Ксения ловко вскочила в седло. Харюший помог монаху сесть позади Мамеда, и маленький отряд тронулся дальше в путь, петляя между деревьями в глубоком снегу.

*  *   *
Ксения с тоской смотрела в холодное небо. Бледный диск луны со спокойным безразличием подходил к завершению. Месяц, отпущенный ей кончался, а она все еще безрезультатно бродила по глухим лесам в поисках мужа. Горечь неизбежной потери язвой жила в ней: «О Перун, не уж ли они больше не встретятся!». Ксения смахнула горячие слезинки. Она устала от бесконечных, полных сумасшедшей суматохи гонок по следам неуловимого славного воеводы Коловрата. Устала от слез пролитых тайком от своих спутников, в то время как хотелось выть яростной волчицей. Она устала от нечеловеческих страданий людей, которое неумолимо впитывало все ее существо.

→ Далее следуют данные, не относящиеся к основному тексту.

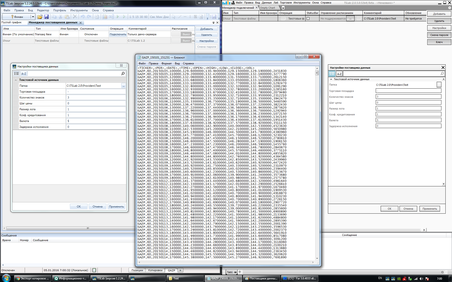 Аналогичная проблема с импортом текстовых файлов в версии 2.0 (установлен последний билд 2.0.11). Сначала думал что дело в самих данных, но снёс 2-ую версию, вернулся на 1.2 - всё работает, подгружает данные. Опять удаляю 1.2, ставлю 2-ую, подключаю ТОТ ЖЕ самый файл с данными -> не загружает историю. Месторасположение файла с историей в корне C:, папка "c:\History\". В ходе тестирования загрузки исторических данных меняется ТОЛЬКО сам tsLab, больше ничего не меняется для чистоты эксперимента. Разработчики, ау - куда копать? Та же самая проблема. Скачал 2.0, намучился. Ничего не получилось. Потом по совету знакомых поставил 1.2 — всё отлично.
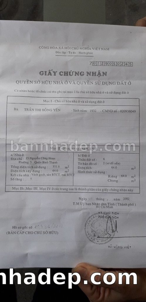 Bán nhà 15 Nguyễn Công Hoan phường 03 quận Bình Thạnh
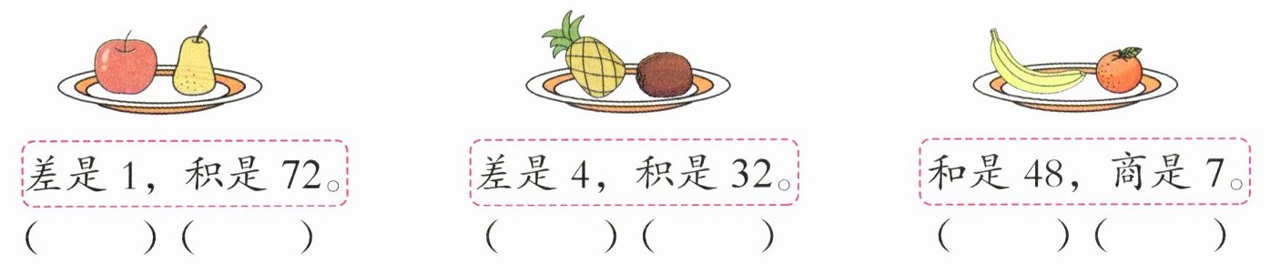 5. 新素养 推理意识 根据提示,判断每盘中的两个水果代表哪两个数,填一填。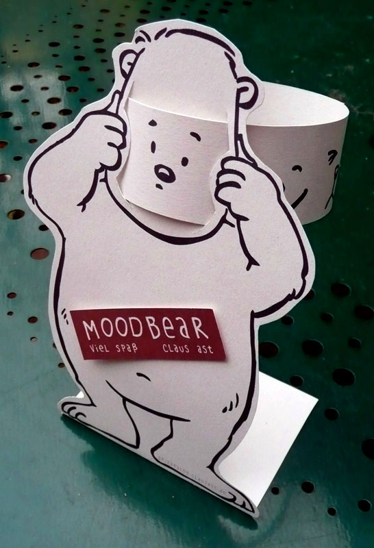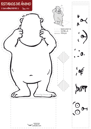 En el blog alemán de Claus Rama he encontrado esta actividad que he traducido al castellano. Se trata de una manualidad de un oso al qeu le podemos cambiar el estado de ánimo de su cara haciendo girar una cinta de papel que introducimos en su cara, tal y como se ve en la imagen. Se recomienda imprimir sobre cartulina para darle consistencia una vez montado.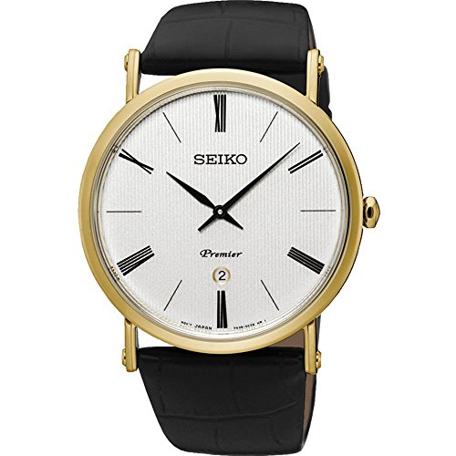 SEIKO Premier SKP396P1 Silver Leather Man Watch SEIKOSKP396P1 oriented CalendarioEste for Man, has the box Steel Circular shaped and colored Silver. The Black Leather Strap is. The crystal is sapphire, quartz movement and analogue display. It belongs to the Premier collection and is manufactured in Japan. It can dive up to 30 M. Its functions include the following: Calendar. Classic style, this watch is perfect for Birthday. Diameter: 40.70 mm

Новый приступ рвоты вырвался из нее. Ксения прислушалась к себе, погладив низ живота: «Вновь наследник не доволен». Мороз крепчал. Ксения медленно побрел к вросшей в землю косой избушке. Маленькая полуязыческая мещерская веска встретила их на диво приветливо, с интересом разглядывая их странную компанию. Особое впечатление на смердов произвел улыбающейся Мамед и сидящий позади него часто крестящейся чернец Даниил…
Ксению приютила моложавая, быстрая вдовушка Степа, прозванная на языческий лад Воронихой. Бездетная, она ухаживала за Ксенией с невостребованной материнской заботой.
Ксения постучала ногами на крыльце, сбивая с сапог снег. Дверь протяжно застонала, Степа сидела на полатях, свесив босые ноги.
- Вновь живот мучал?
- Да, - коротко кивнула Ксения, снимая тяжелый тулуп. – А ты, почему не
спишь?
- Зима долгая, успею, - отшутилась Степа. Немного помолчав, она спросила.
- А правду бают люди, што ты боярыня и жена знатного воеводы рязанского?
И будто ты за мужем по лесам блуждаешь?
- Да, - невесело усмехнулась Ксения.
- Я тож своего сильно любила, а вонт уж невесть сколь зим одна живу.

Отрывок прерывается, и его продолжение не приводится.